#### TASK PROMPT
From the line containing "井戸田えみるさんの天運は13画の5点!" through the last line of the data, both ends included, write out every line exactly; omit the pictures.

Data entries
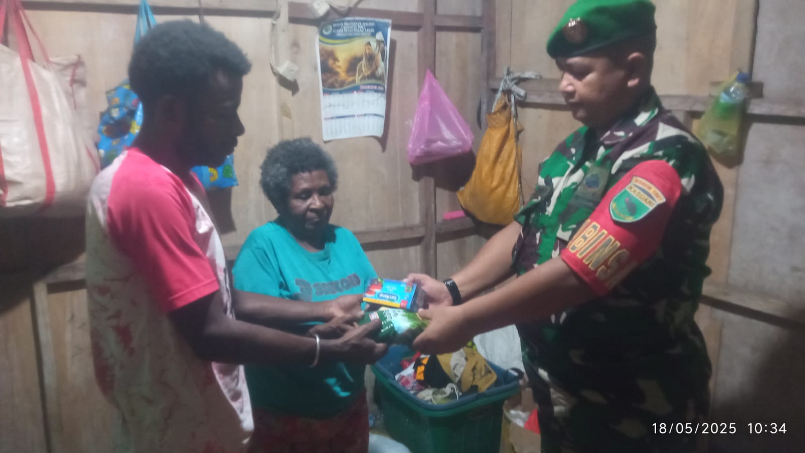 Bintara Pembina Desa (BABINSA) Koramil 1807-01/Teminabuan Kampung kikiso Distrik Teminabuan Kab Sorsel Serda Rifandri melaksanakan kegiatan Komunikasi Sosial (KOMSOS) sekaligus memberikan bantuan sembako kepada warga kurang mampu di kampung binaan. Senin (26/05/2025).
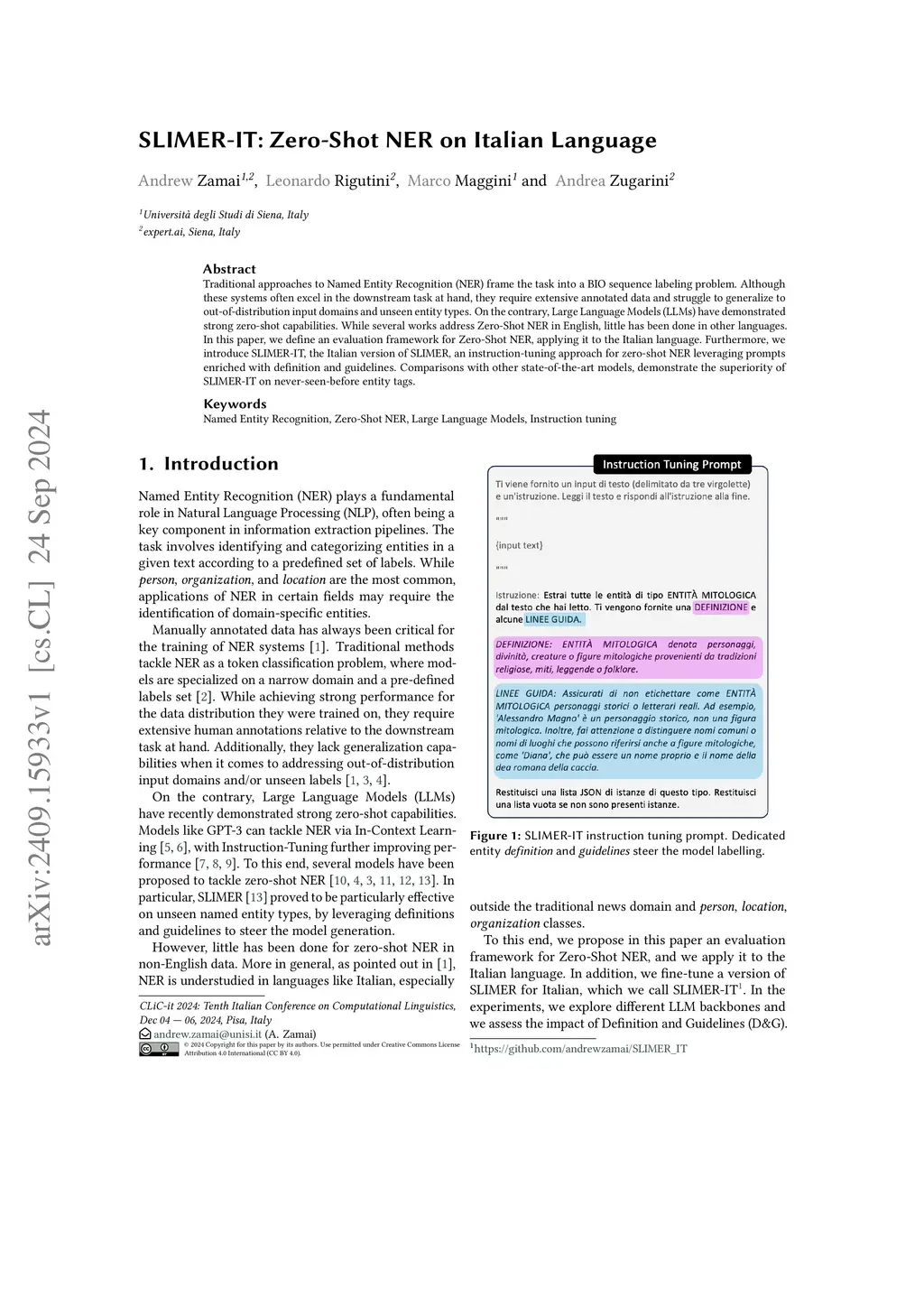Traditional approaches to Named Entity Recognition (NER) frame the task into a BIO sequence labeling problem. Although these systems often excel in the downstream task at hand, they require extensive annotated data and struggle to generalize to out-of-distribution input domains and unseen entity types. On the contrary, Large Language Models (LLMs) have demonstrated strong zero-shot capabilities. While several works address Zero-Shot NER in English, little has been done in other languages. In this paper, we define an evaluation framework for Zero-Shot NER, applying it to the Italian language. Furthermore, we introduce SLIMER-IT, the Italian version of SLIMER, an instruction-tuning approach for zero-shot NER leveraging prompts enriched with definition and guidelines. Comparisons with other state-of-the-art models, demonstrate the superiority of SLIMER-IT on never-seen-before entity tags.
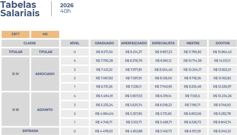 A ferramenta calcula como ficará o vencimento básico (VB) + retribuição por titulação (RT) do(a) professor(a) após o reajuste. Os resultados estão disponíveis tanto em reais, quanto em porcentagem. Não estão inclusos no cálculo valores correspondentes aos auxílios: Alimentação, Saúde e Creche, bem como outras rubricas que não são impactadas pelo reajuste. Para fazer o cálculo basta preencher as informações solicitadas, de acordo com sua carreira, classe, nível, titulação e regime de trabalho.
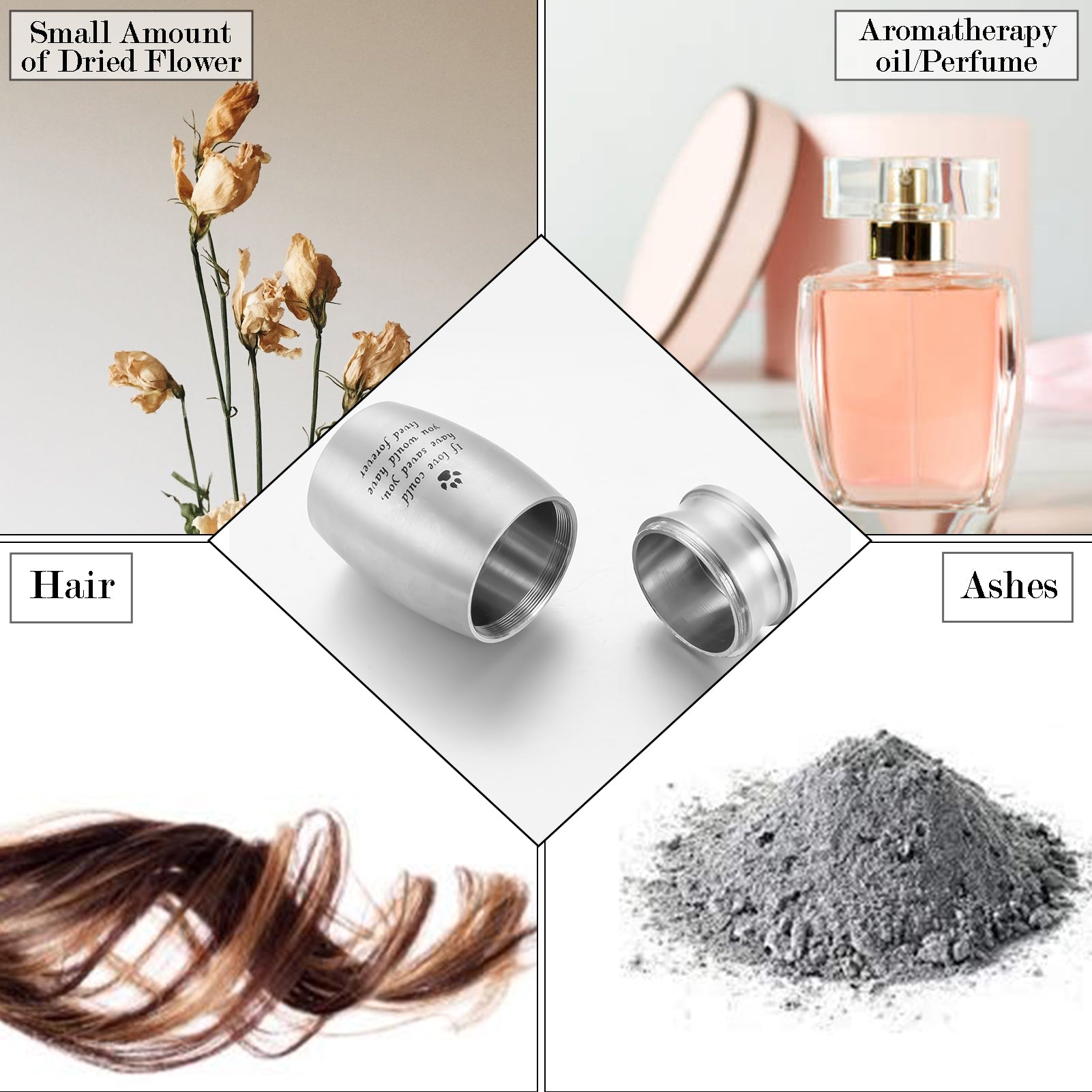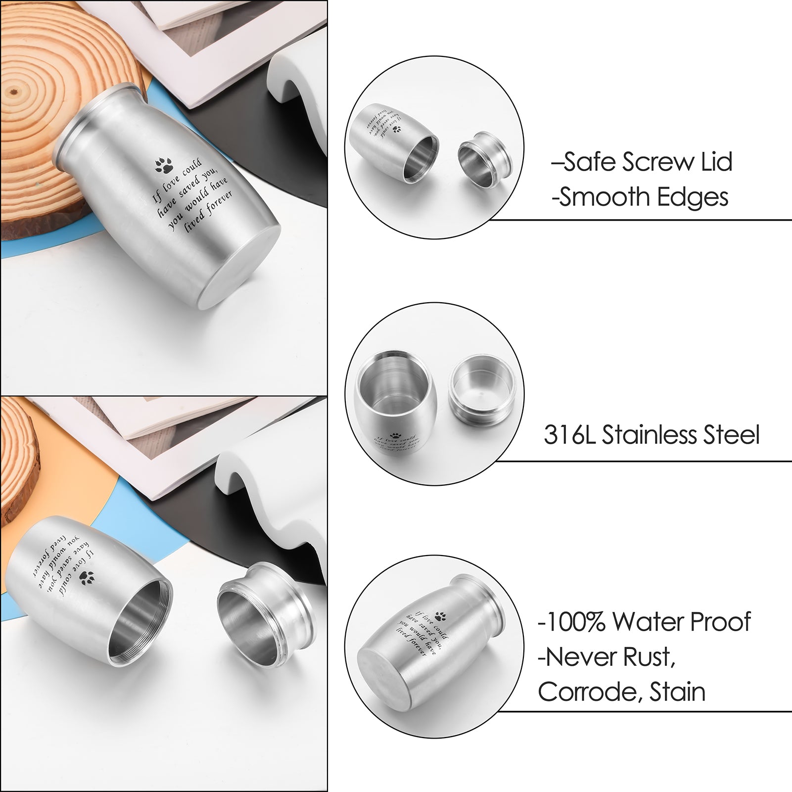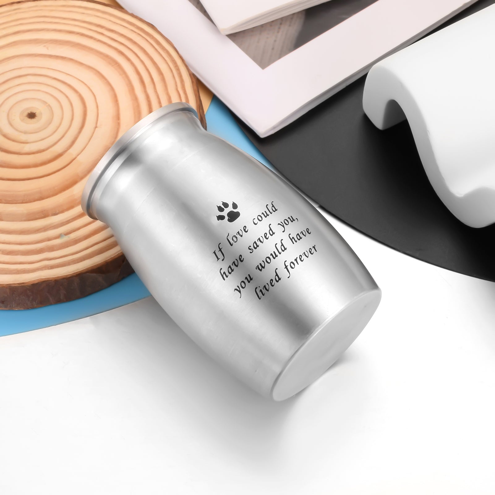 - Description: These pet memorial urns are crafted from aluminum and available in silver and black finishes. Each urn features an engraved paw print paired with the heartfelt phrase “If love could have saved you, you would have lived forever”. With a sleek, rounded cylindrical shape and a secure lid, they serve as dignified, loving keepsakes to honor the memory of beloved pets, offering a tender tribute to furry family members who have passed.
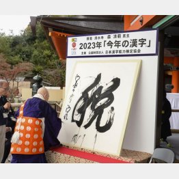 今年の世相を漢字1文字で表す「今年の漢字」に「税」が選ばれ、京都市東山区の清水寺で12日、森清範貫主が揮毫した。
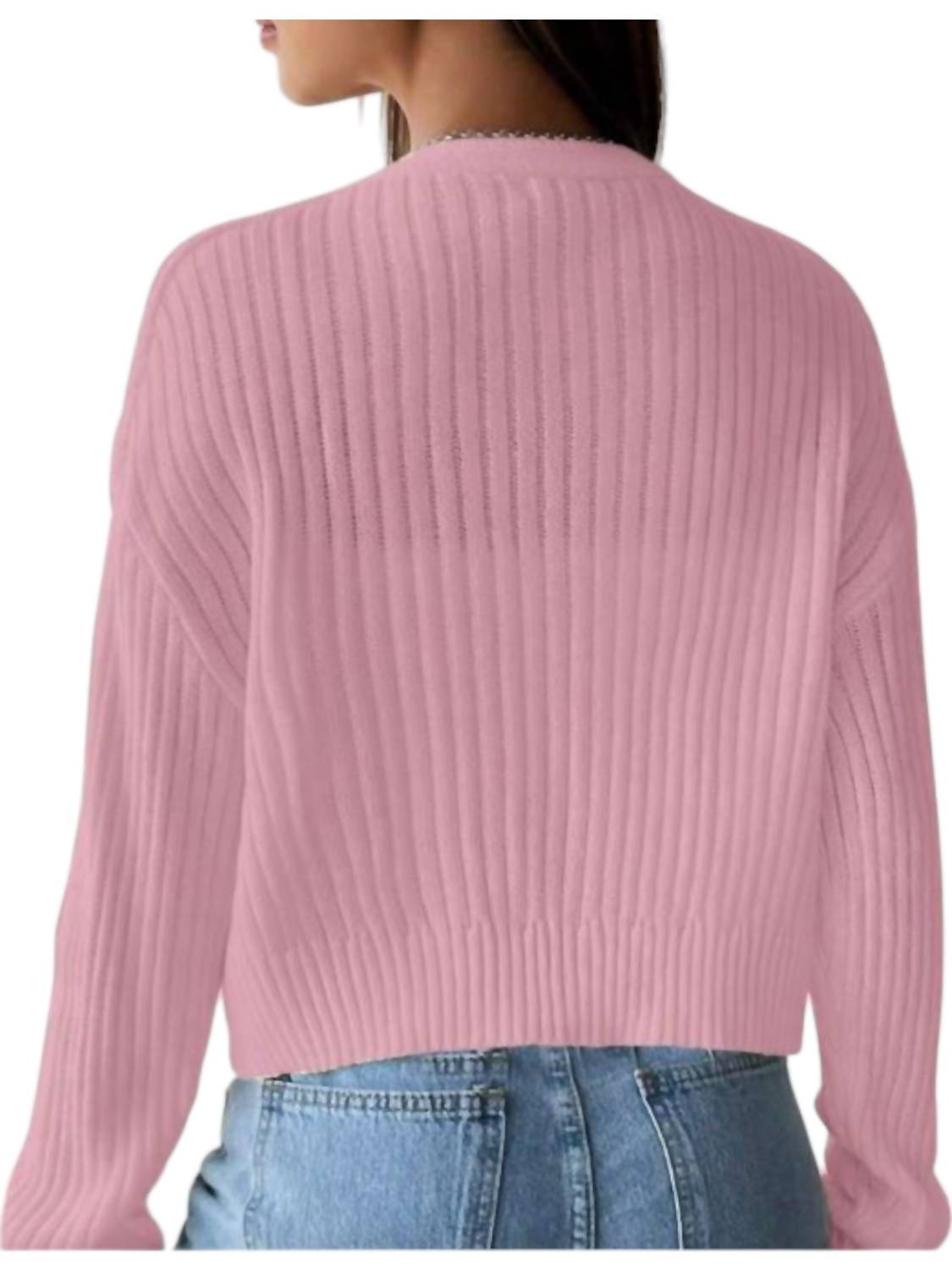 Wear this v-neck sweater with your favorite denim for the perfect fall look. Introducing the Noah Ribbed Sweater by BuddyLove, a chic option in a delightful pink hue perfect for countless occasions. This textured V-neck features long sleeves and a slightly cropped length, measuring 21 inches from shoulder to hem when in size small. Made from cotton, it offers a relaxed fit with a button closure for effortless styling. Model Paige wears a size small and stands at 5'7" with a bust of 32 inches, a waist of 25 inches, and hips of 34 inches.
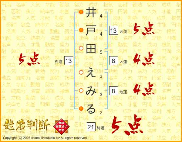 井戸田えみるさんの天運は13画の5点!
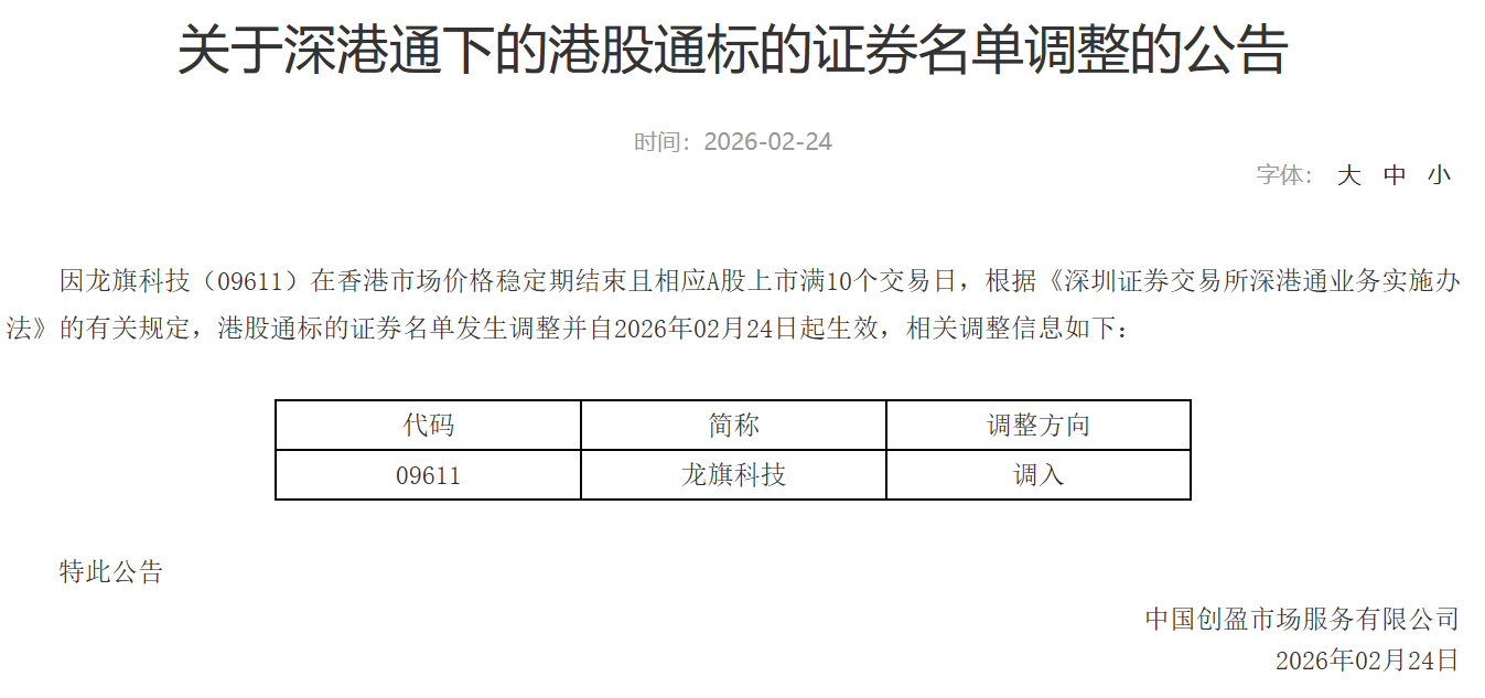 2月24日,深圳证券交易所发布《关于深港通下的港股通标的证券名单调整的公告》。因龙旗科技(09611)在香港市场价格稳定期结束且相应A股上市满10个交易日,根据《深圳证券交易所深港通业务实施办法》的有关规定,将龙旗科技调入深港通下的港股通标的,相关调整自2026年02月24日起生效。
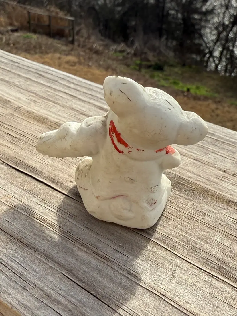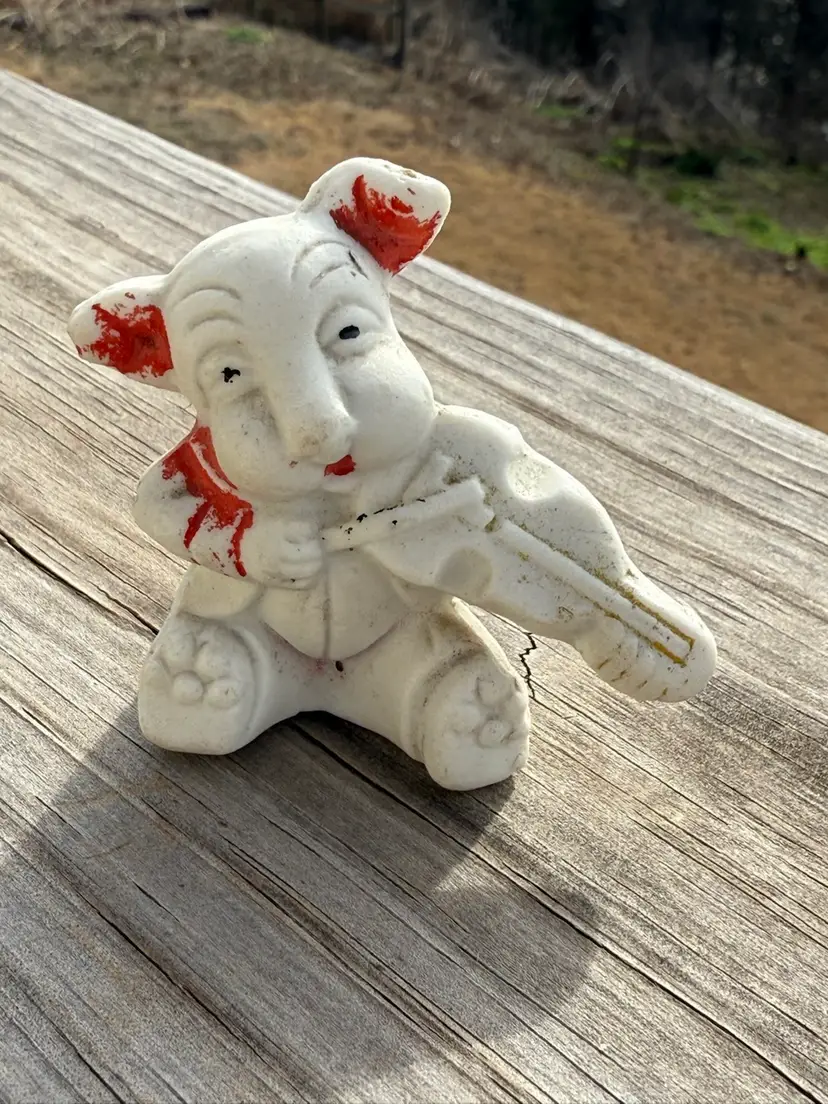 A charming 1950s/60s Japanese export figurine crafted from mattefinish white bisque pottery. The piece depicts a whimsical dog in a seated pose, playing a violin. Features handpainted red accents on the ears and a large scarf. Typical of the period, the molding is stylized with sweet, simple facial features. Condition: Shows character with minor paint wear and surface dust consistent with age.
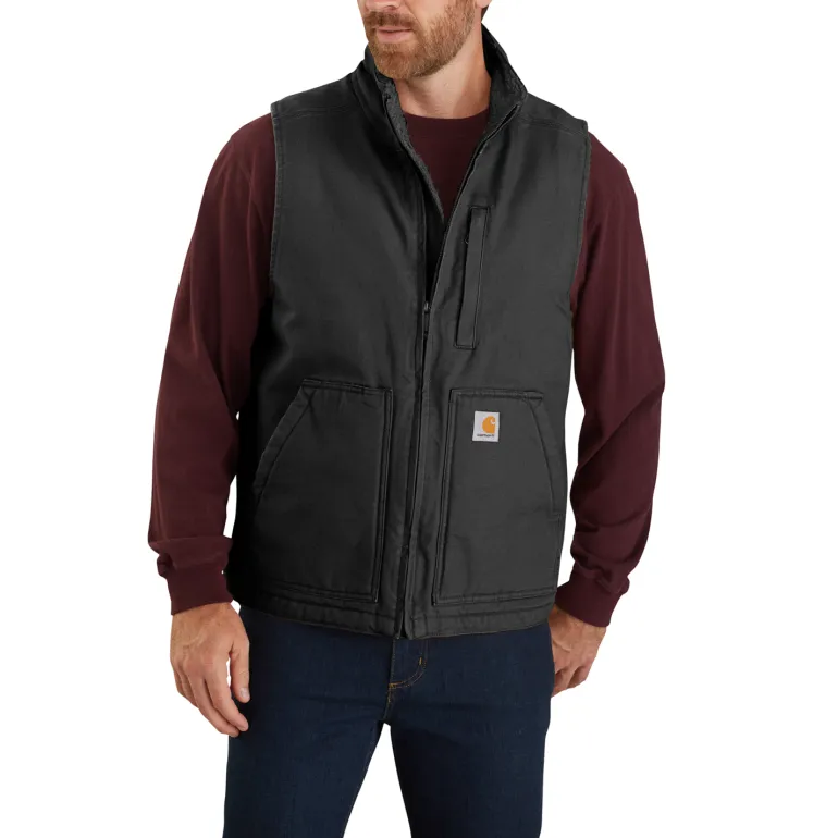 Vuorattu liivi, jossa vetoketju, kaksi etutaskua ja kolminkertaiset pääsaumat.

#### RESULT OF THE EXERCISE
 井戸田えみるさんの天運は13画の5点!
 2月24日,深圳证券交易所发布《关于深港通下的港股通标的证券名单调整的公告》。因龙旗科技(09611)在香港市场价格稳定期结束且相应A股上市满10个交易日,根据《深圳证券交易所深港通业务实施办法》的有关规定,将龙旗科技调入深港通下的港股通标的,相关调整自2026年02月24日起生效。
 A charming 1950s/60s Japanese export figurine crafted from mattefinish white bisque pottery. The piece depicts a whimsical dog in a seated pose, playing a violin. Features handpainted red accents on the ears and a large scarf. Typical of the period, the molding is stylized with sweet, simple facial features. Condition: Shows character with minor paint wear and surface dust consistent with age.
 Vuorattu liivi, jossa vetoketju, kaksi etutaskua ja kolminkertaiset pääsaumat.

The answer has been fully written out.